_Task to complete_. The answer should match the entries below word for word, minus their pictures.

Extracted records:
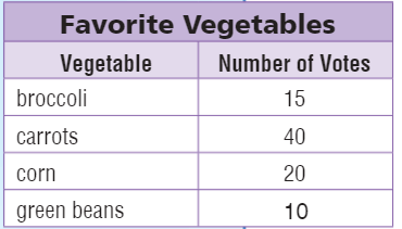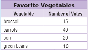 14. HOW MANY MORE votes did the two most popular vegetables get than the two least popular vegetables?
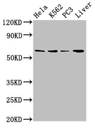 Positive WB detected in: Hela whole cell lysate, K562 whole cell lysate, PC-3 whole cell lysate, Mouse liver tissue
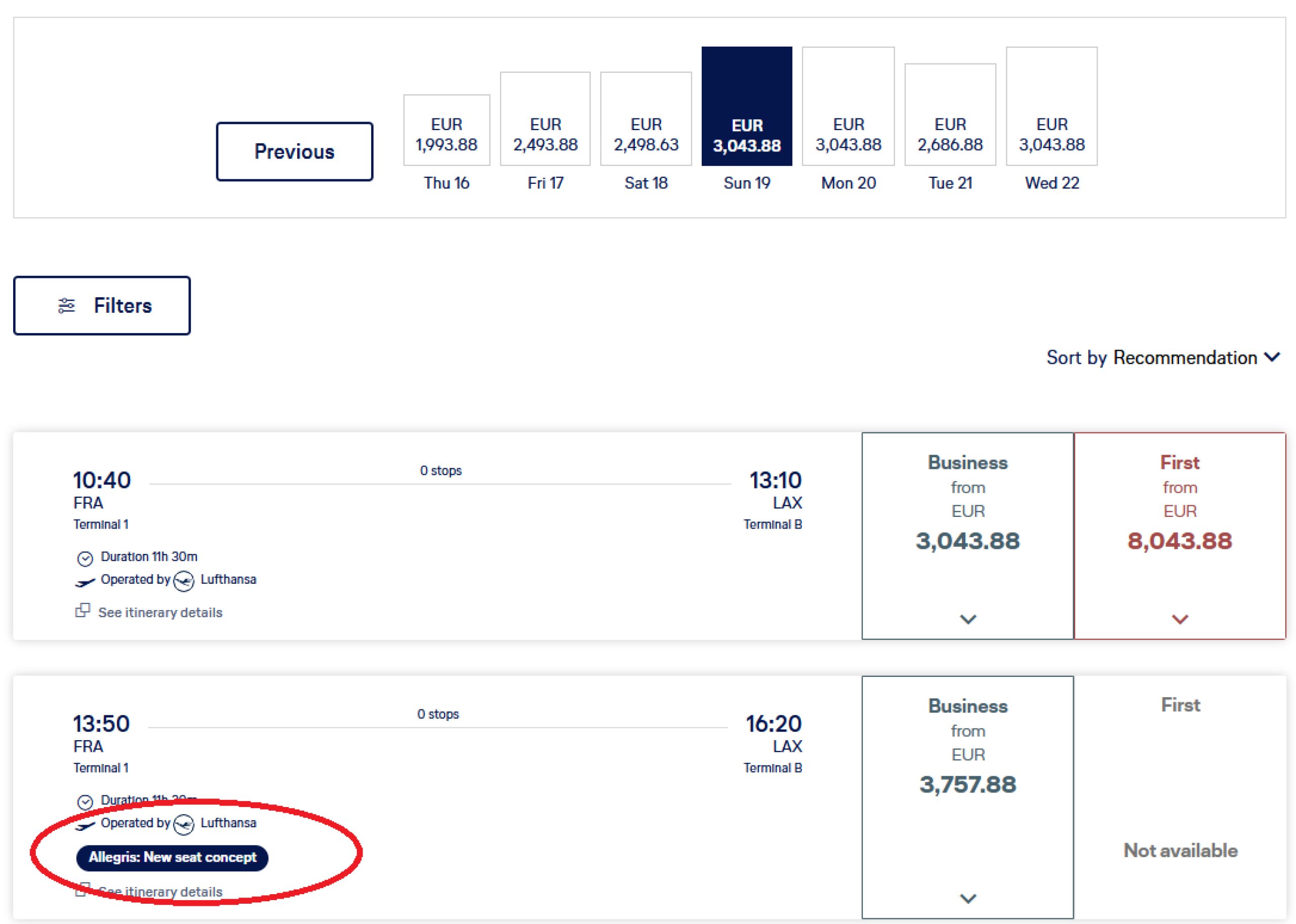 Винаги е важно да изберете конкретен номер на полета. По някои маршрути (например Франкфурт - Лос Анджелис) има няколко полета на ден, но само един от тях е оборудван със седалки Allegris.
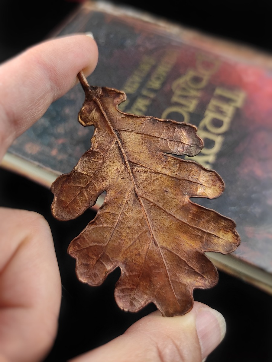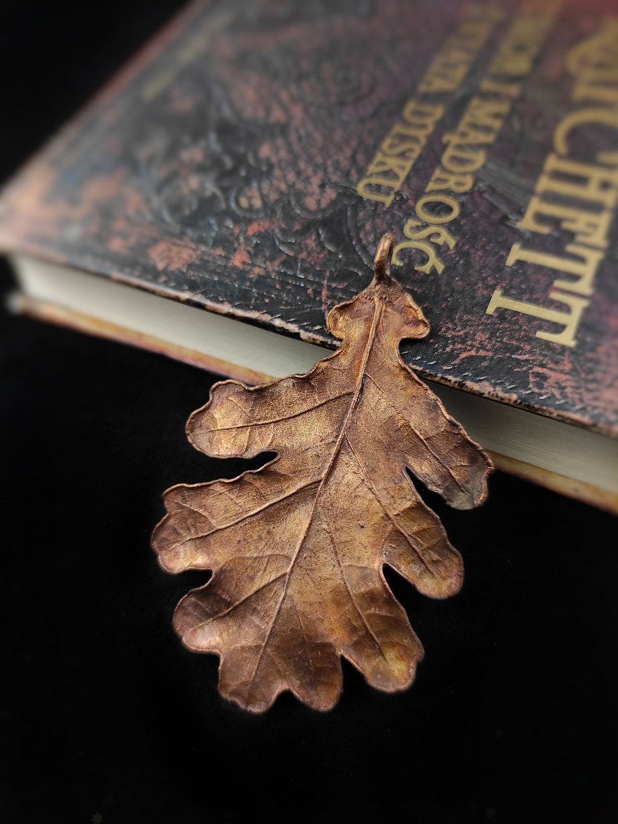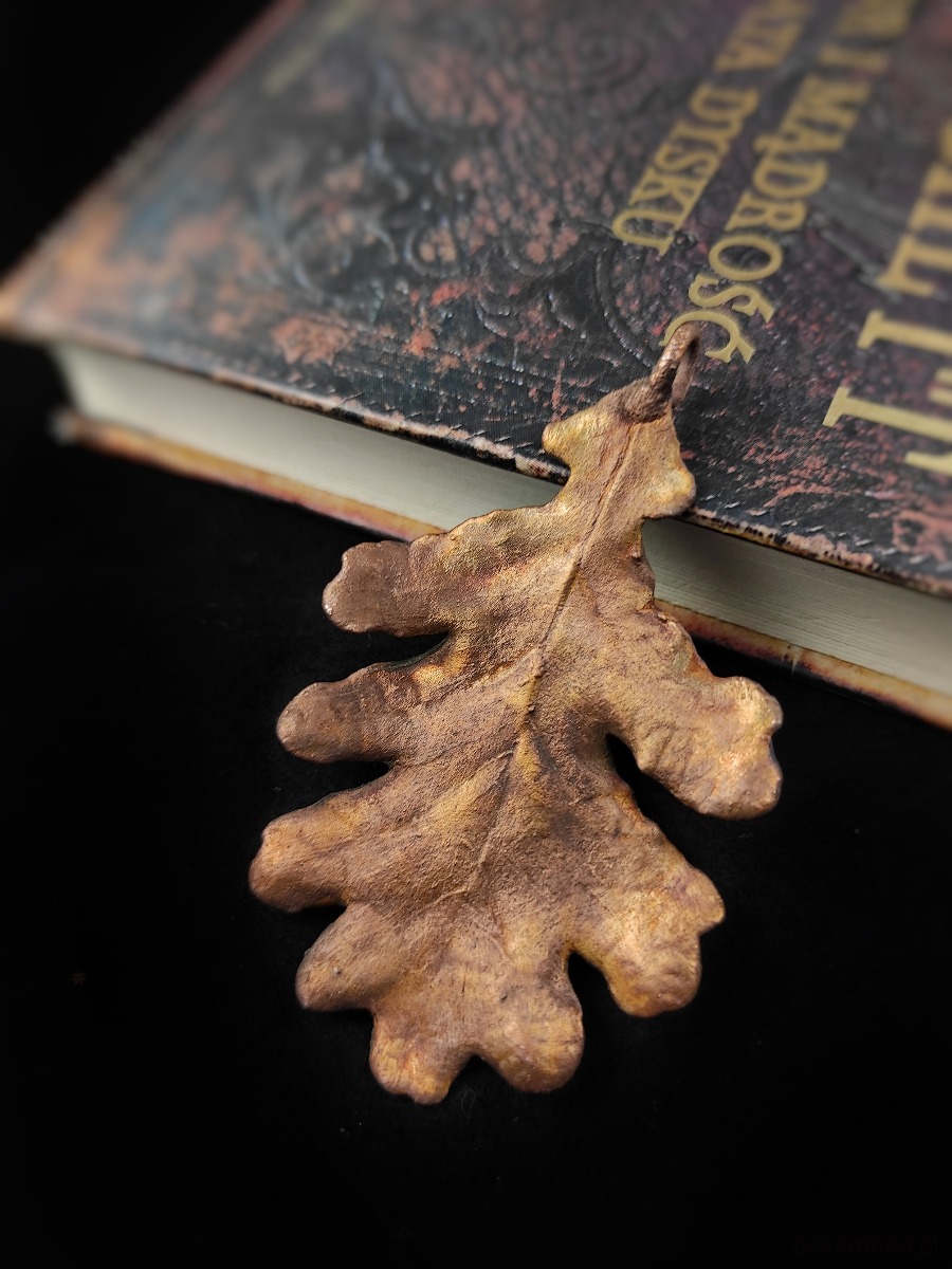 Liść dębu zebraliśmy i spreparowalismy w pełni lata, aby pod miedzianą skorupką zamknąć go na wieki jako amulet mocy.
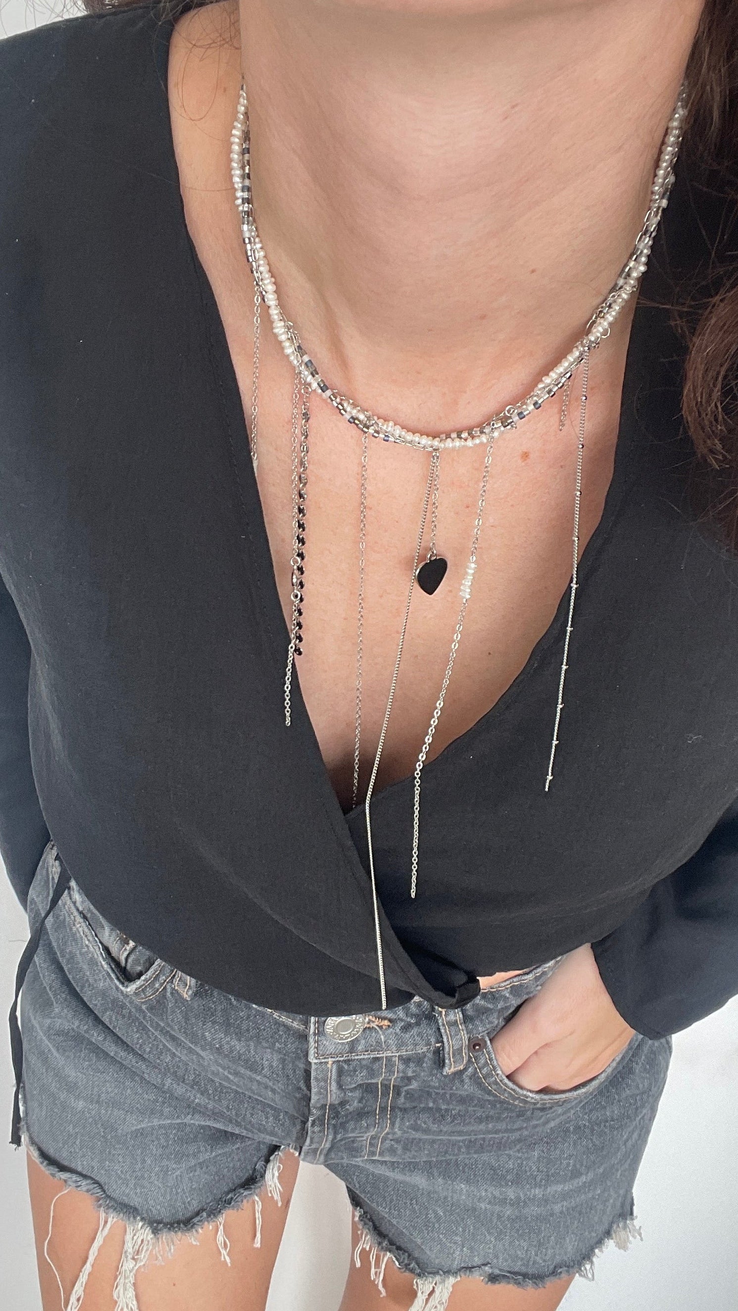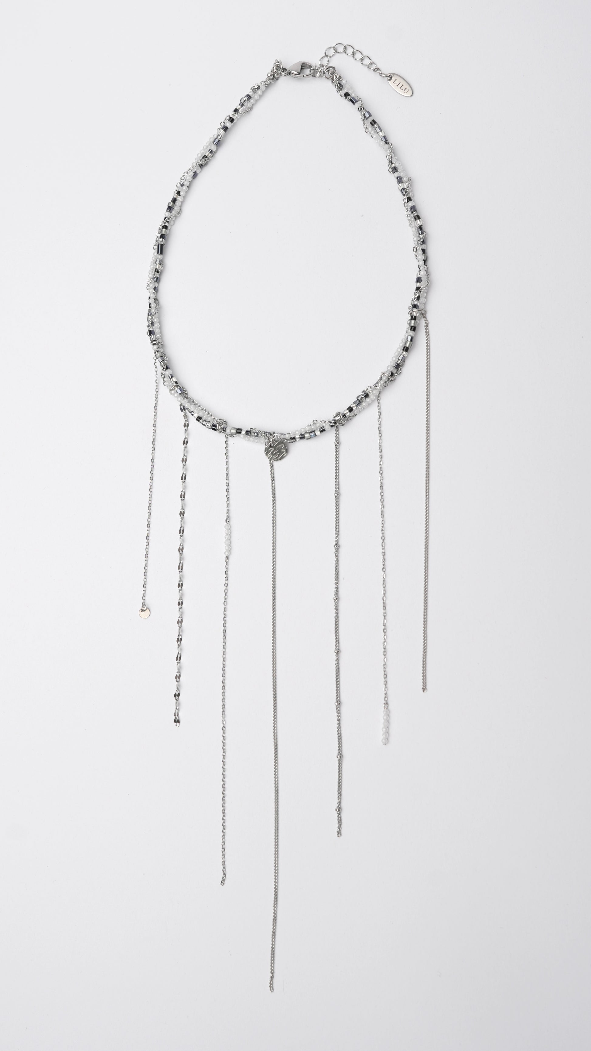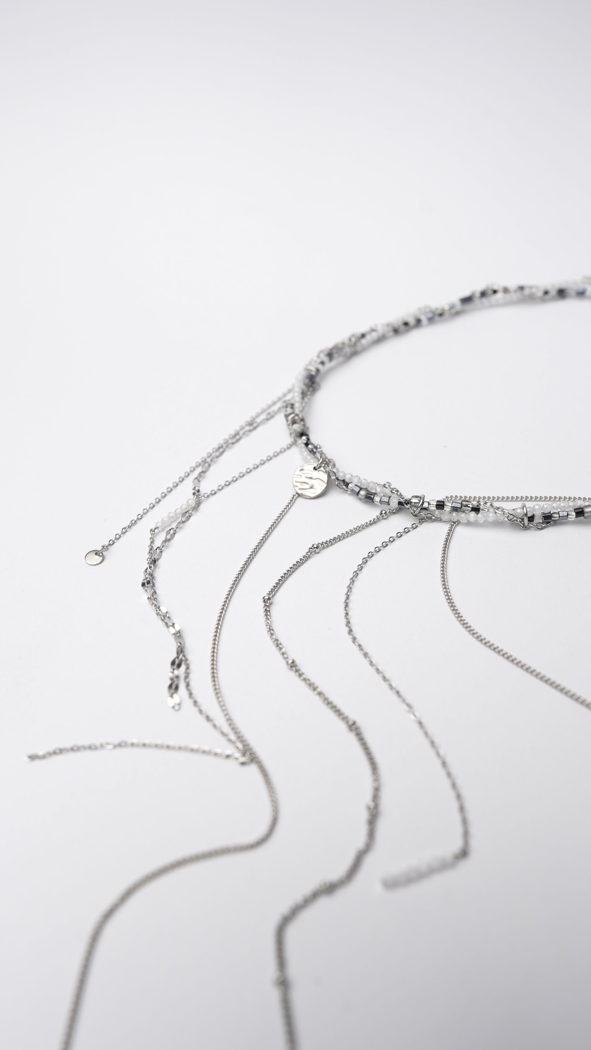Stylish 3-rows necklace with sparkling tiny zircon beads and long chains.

_Expected output_.
 14. HOW MANY MORE votes did the two most popular vegetables get than the two least popular vegetables?
 Positive WB detected in: Hela whole cell lysate, K562 whole cell lysate, PC-3 whole cell lysate, Mouse liver tissue
 Винаги е важно да изберете конкретен номер на полета. По някои маршрути (например Франкфурт - Лос Анджелис) има няколко полета на ден, но само един от тях е оборудван със седалки Allegris.
 Liść dębu zebraliśmy i spreparowalismy w pełni lata, aby pod miedzianą skorupką zamknąć go na wieki jako amulet mocy.
Stylish 3-rows necklace with sparkling tiny zircon beads and long chains.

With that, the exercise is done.